Older employees are more likely to follow company cybersecurity policies than younger ones, according to an ObserveIT report.
While employees understand the concept of insider threats, the business security risk posed by accidental or negligent behavior continues to mount, according to a new report from ObserveIT.
Of the 1,000-plus full-time employees from organizations with more than 500 workers, 64% agreed that careless employees or contractors were the most common cause of insider threats. This directly corresponds with a recent Ponemon Institute report, which found negligent insider actions caused 64% of all insider threat incidents in the past year.
The risk posed by insider threats grows greater each year, the Ponemon Institute report found: Since 2016, the average number of incidents involving employee or contractor negligence increased by 25%, and the cost to contain an incident in North America rose to $11.01 million.
SEE: Intrusion detection policy (Tech Pro Research)
However, insider threats vary depending on which generation the employee belongs to, ObserveIT found.
Generation X and Baby Boomers were the least risky generations within the workplace, as 90% of 45-54 year olds and 55-64 year olds said that they follow their company’s cybersecurity policy, according to the report.
Meanwhile, Generation Z posed the highest cybersecurity risk to organizations, as 34% of the 18-24 year olds said that they don’t know or understand what is included in their company’s cybersecurity policy.

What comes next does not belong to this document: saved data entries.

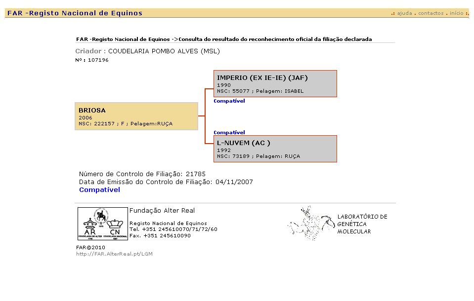Brioso ( M ) . ( falecido ) Oriente x Naja da Cartuxa |
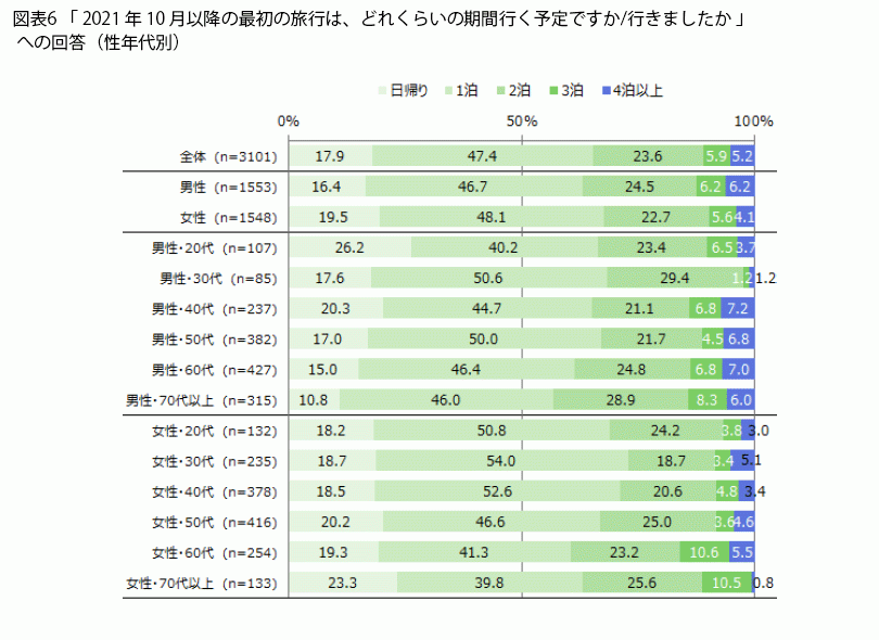 性年代別では、「日帰り」派は男性で20代の26.2%を筆頭に年代が上がるほど低下し、女性は逆に年代とともに上昇する傾向があるのは興味深いところです。また、「3泊以上」(「3泊」+「4泊以上」)のゆったり旅行を志向する人の比率は、男性では30代を除き1割超と安定的ですが、女性は50代以下が6~8%と1割を切っています。女性は“子どもの学校や仕事などを考えると長期の旅行は難しい”などと現実的に考える一方で、男性は “ゆっくり休んでコロナ疲れを癒したい!”という願望も含めての結果かもしれませんね。女性60代が16.1%と全体で最多となっているなど男女ともシニア層では高値になっているのは、定年退職で比較的時間に余裕があることも背景にありそうです。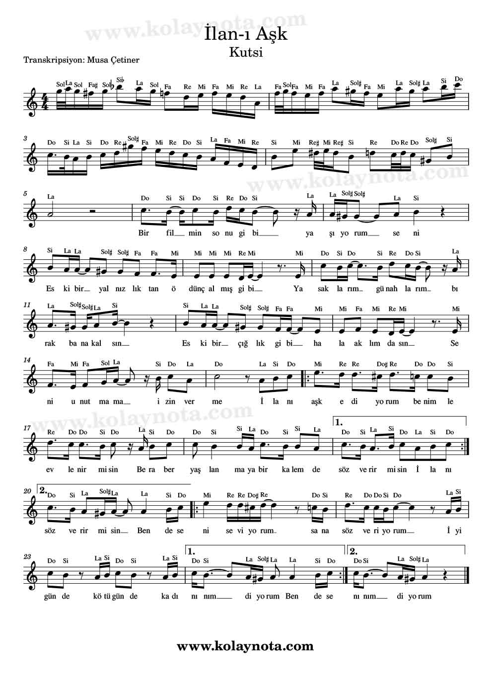 İlan-ı Aşk; sözü ve müziği Kutsi’ye ait olan bir şarkı. Nihavend makamında ve 4/4 ölçü birimine sahip. La Karar sesinde notaya aldım. Şarkı Kutsi’nin 2007 yılında çıkan “Aynı Şehirde Nefes Almak Bile Bana Yetiyor” albümünde yer almış. Nota çalıcısını da ekleyeceğim, dinleyip doğru bir şekilde çalışabilirsiniz.

This group was also the most likely generation to reportedly not follow their company’s security policies, even when they do understand it.

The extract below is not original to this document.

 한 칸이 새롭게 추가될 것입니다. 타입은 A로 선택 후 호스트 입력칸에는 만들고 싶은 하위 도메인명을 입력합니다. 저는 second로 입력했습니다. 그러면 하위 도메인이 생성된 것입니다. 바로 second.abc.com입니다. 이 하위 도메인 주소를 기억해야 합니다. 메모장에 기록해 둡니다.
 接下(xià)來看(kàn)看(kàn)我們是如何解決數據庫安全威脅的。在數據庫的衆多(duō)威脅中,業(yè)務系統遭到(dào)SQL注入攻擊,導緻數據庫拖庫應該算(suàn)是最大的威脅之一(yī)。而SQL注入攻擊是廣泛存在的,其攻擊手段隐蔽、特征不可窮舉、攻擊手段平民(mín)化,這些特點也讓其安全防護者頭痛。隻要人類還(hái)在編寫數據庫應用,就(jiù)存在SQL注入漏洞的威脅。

While employees overall claim to understand insider threats and adhere to cybersecurity policies, the fact that these incidents continue to rise indicates that organizations may be lulled into a false sense of security, the report noted. A lack of consistent understanding around the risks posed by insider threats can introduce accidental or negligent behavior into the workplace, costing organizations more money and resources.

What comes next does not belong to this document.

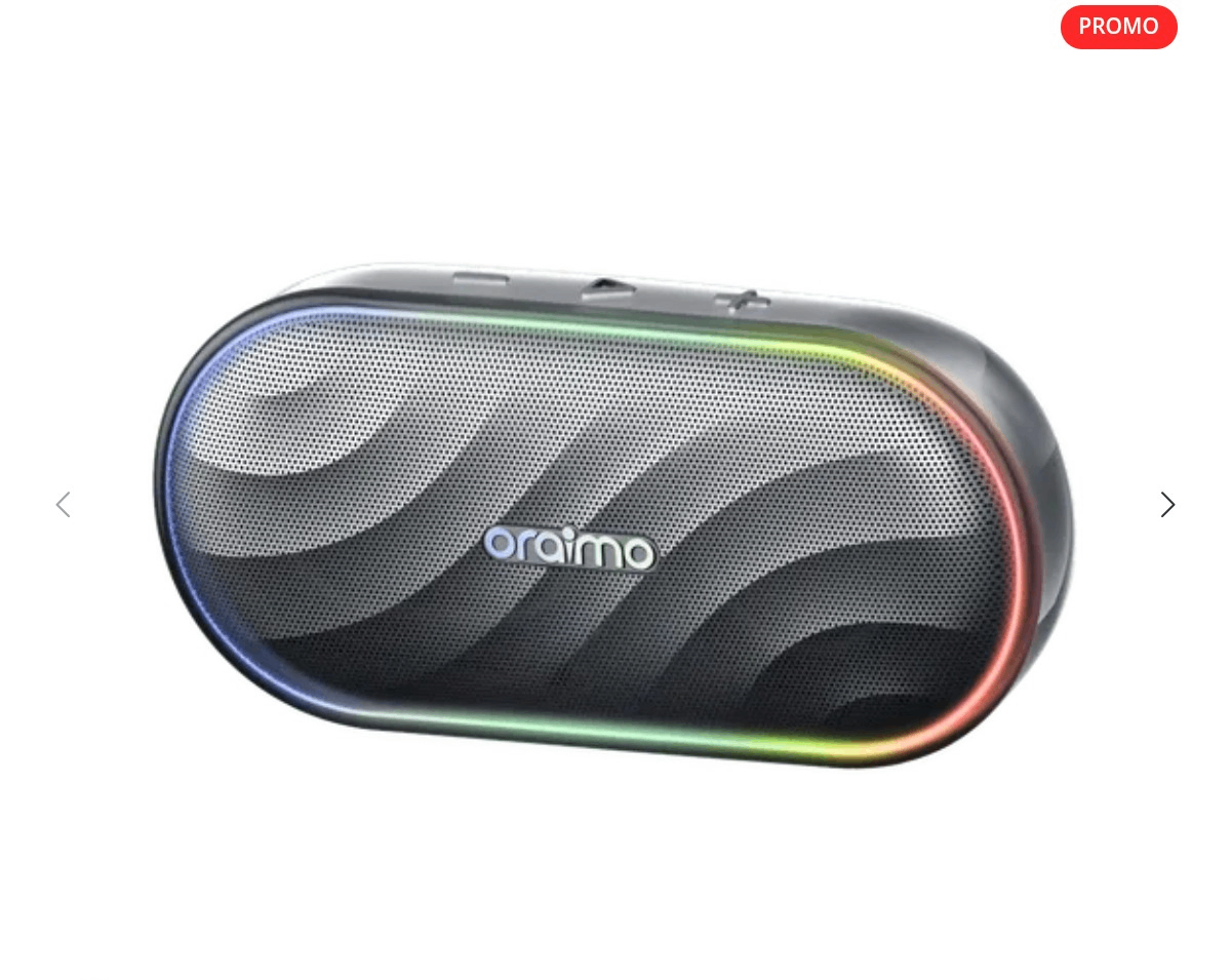 Découvrez l'enceinte Bluetooth oraimo, compacte et waterproof, avec lumières RGB. Profitez d'un son puissant et d'une batterie longue durée. Idéale pour les sorties, la maison ou la plage.OBS-382 .

“While the threat of the insider continues to grow, this research proves that when it comes to cybersecurity awareness and insider threat prevention, organizations need to take a holistic approach to cybersecurity and focus on people first, then processes and technology,” ObserveIT CEO Mike McKee said in a press release. “With a new generation entering the workforce, organizations should increase security awareness training for new hires and implement processes and technology to ensure both employees and contractors with access to systems and data understand and adhere to the company cybersecurity policy to prevent insider threats.”